Stored items

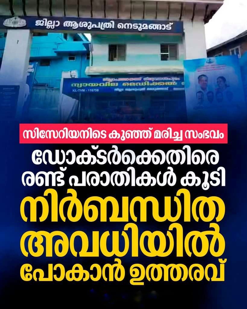 നെടുമങ്ങാട് ജില്ലാ ആശുപത്രിയിൽ സിസേറിയനിടെ കുഞ്ഞ് മരിച്ച സംഭവത്തിൽ ഡോ. ബിന്ദു സുന്ദറിനോട് നിർബന്ധിത അവധിയിൽ പ്രവേശിക്കാൻ ആരോഗ്യവകുപ്പ് ഉത്തരവിട്ടു. മന്ത്രി വീണ ജോർജിന്റെ നിർദേശപ്രകാരം അന്വേഷണവിധേയമായാണ് നടപടി.
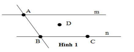 Hình B: Đường thẳng $m$ cắt đường thẳng $n$ tại $A,{\rm{ }}a$ cắt m tại $C,$ cắt $n$ tại $B$ (trái với đề bài là $a$ không cắt $m$) (loại)
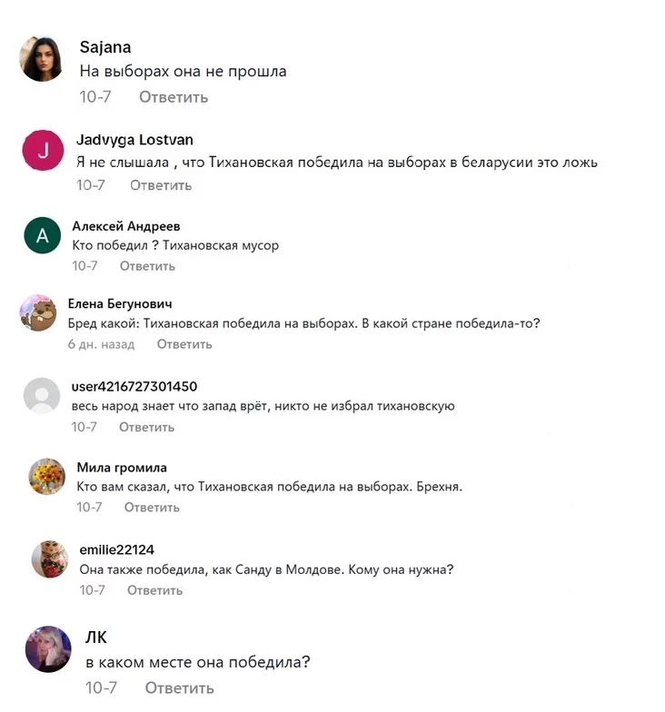 • Я не слышала, что Тихановская победила на выборах в Беларуси, это ложь
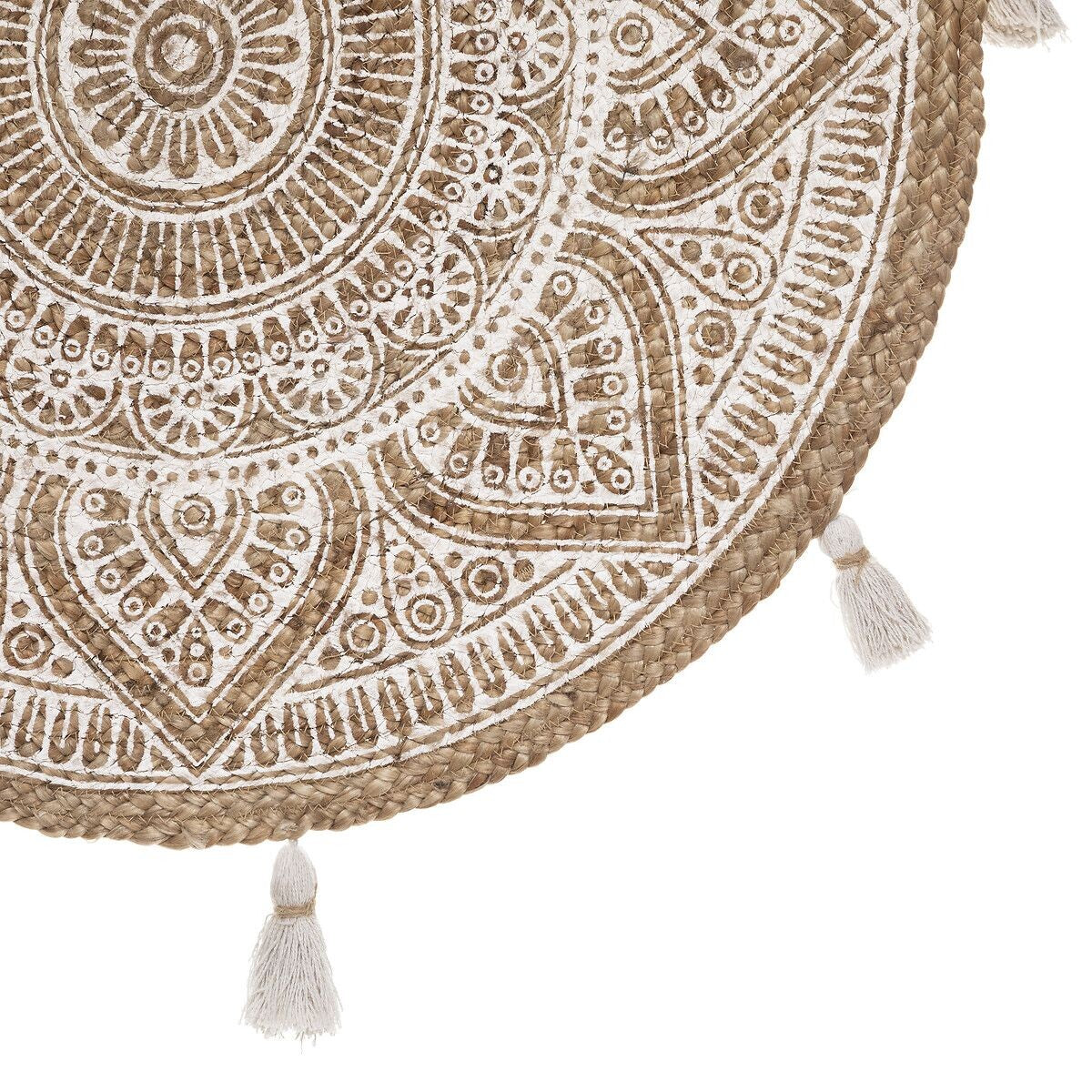 Кръглият килим от юта съчетава естествена визия с декоративен акцент в бяло. Игривите помпони по края добавят чар и уют, докато натуралната текстура придава топлина на интериора. Компактният размер го прави подходящ за спалня, детска стая или кът за почивка, където ще внесе свежест и хармония.
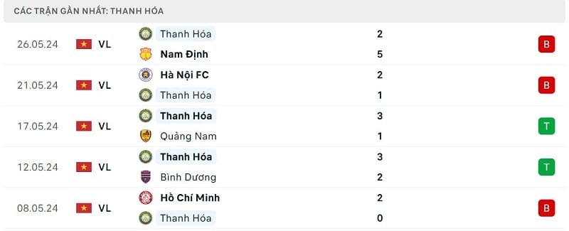 Như vậy, Thanh Hóa hiện đang trải qua chuỗi 2 trận thua liên tiếp. Tính trong 5 trận gần nhất, phong độ của họ cũng khá thất vọng khi giành được 2 chiến thắng và nhận đến 3 thất bại.
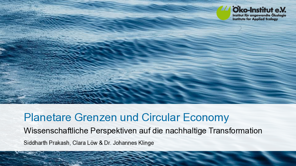- Nationale Kreislaufwirtschaftsstrategie: Begleitung Stakeholder-Prozess und wissenschaftliche Begleitung der Entwicklung der deutschen Nationalen Kreislaufwirtschaftsstrategie (NKWS)
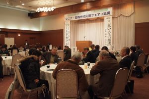 高齢者の豊富な知識や経験を生かして多様な分野で社会参加することにより、高齢者自身のいきがい・健康づくりはもとより、地域・社会全体の活性化を図るために、団塊世代でいきいきと活動をされている俳優の岡本信人氏の講演やトークショー、地域活動団体の紹介(ワールド・カフェ)が行われました。子どもの森は、地域活動団体の一つとしてフェアに参加しました。
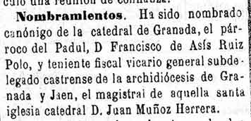 4 de octubre de 1884. Nombrado canónigo de la catedral el
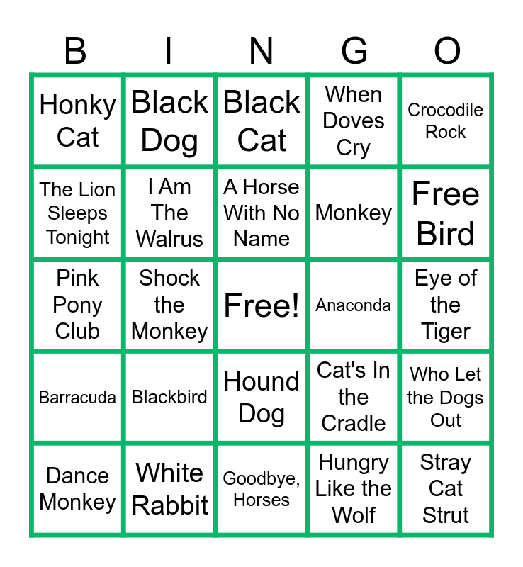 This bingo card has a free space and 24 words: Blackbird, White Rabbit, A Horse With No Name, Dance Monkey, Crocodile Rock, Honky Cat, The Lion Sleeps Tonight, Black Dog, Anaconda, Hound Dog, Monkey, Pink Pony Club, Cat's In the Cradle, Who Let the Dogs Out, I Am The Walrus, Hungry Like the Wolf, Eye of the Tiger, Black Cat, Free Bird, Shock the Monkey, Stray Cat Strut, Barracuda, When Doves Cry and Goodbye, Horses.
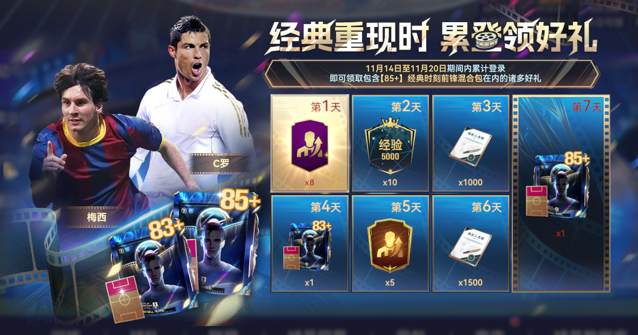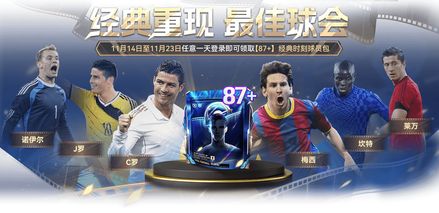 活动期间累计登录,即可获得包含【85+】经典时刻前锋混合包在内的诸多好礼。11月14日至11月23日任意一天登录即可领取【87+】经典时刻球员包。每一张 “经典时刻” 球星卡,都是一段足球记忆的缩影。当你操控梅西重现单骑闯关,用莱万复刻 9 分钟 5 球,赛场不再只是竞技的舞台,更是致敬传奇的殿堂!
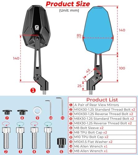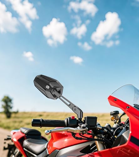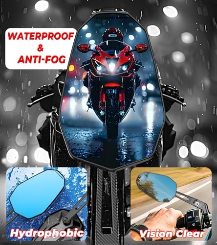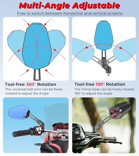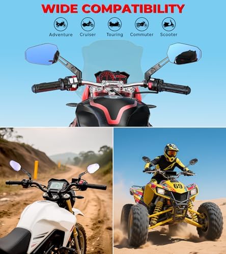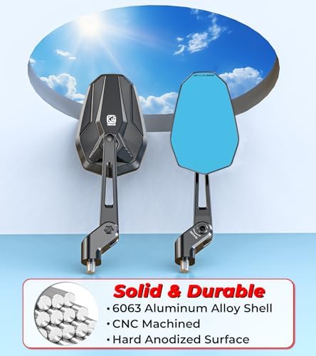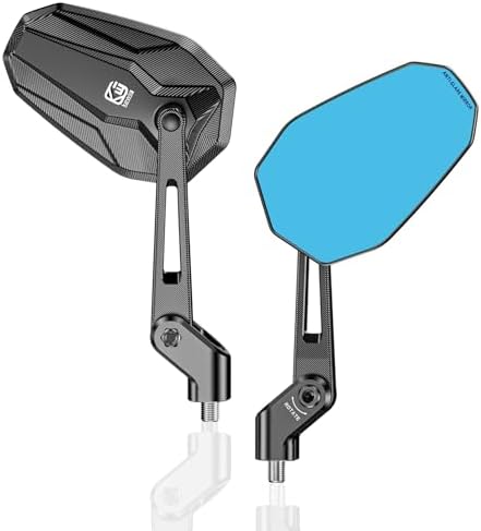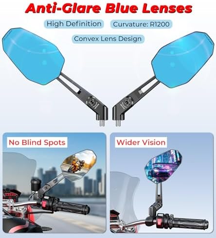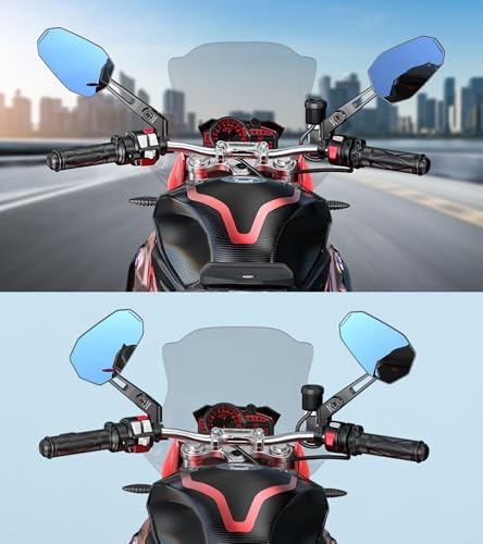 Sponsored Ad - Aluminum Alloy Waterproof Motorcycle Mirrors with M8 M10 Bolts, CNC Machined Anti-Glare Blue Lenses Rear View Mirrors, Foldable Multi-Angle Adjustable for Motorcycle ATV Scooter Moped C
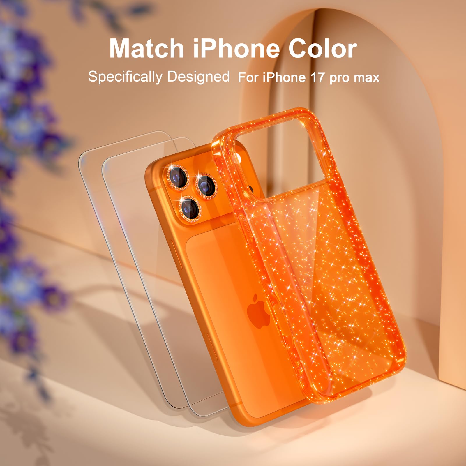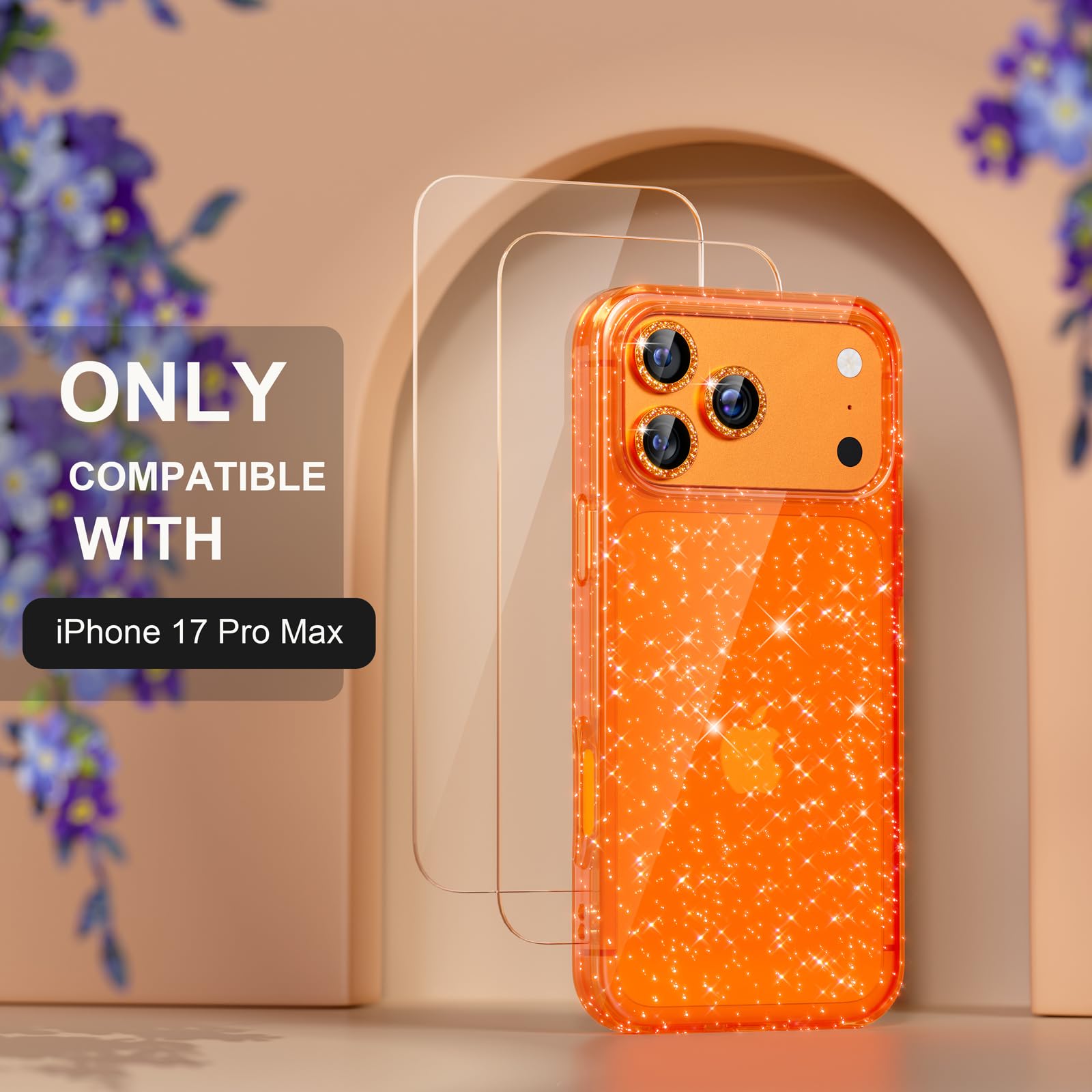 Package Includes: 1 x Glitter Case replacement for iphone 17 pro max, 2 x tempered glass screen protectors, and 3 x Camera Lens Protectors. Compatible for iphone 17 pro max 6.9-inch 2025. Please check your phone model and make sure you order the right size

Task brief
Your answer must be the lines from the one containing "高齢者の豊富な知識や経験を生" through the last line of the records, copied exactly, with no pictures.

Reply to the exercise
 高齢者の豊富な知識や経験を生かして多様な分野で社会参加することにより、高齢者自身のいきがい・健康づくりはもとより、地域・社会全体の活性化を図るために、団塊世代でいきいきと活動をされている俳優の岡本信人氏の講演やトークショー、地域活動団体の紹介(ワールド・カフェ)が行われました。子どもの森は、地域活動団体の一つとしてフェアに参加しました。
 4 de octubre de 1884. Nombrado canónigo de la catedral el
 This bingo card has a free space and 24 words: Blackbird, White Rabbit, A Horse With No Name, Dance Monkey, Crocodile Rock, Honky Cat, The Lion Sleeps Tonight, Black Dog, Anaconda, Hound Dog, Monkey, Pink Pony Club, Cat's In the Cradle, Who Let the Dogs Out, I Am The Walrus, Hungry Like the Wolf, Eye of the Tiger, Black Cat, Free Bird, Shock the Monkey, Stray Cat Strut, Barracuda, When Doves Cry and Goodbye, Horses.
 活动期间累计登录,即可获得包含【85+】经典时刻前锋混合包在内的诸多好礼。11月14日至11月23日任意一天登录即可领取【87+】经典时刻球员包。每一张 “经典时刻” 球星卡,都是一段足球记忆的缩影。当你操控梅西重现单骑闯关,用莱万复刻 9 分钟 5 球,赛场不再只是竞技的舞台,更是致敬传奇的殿堂!
 Sponsored Ad - Aluminum Alloy Waterproof Motorcycle Mirrors with M8 M10 Bolts, CNC Machined Anti-Glare Blue Lenses Rear View Mirrors, Foldable Multi-Angle Adjustable for Motorcycle ATV Scooter Moped C
 Package Includes: 1 x Glitter Case replacement for iphone 17 pro max, 2 x tempered glass screen protectors, and 3 x Camera Lens Protectors. Compatible for iphone 17 pro max 6.9-inch 2025. Please check your phone model and make sure you order the right size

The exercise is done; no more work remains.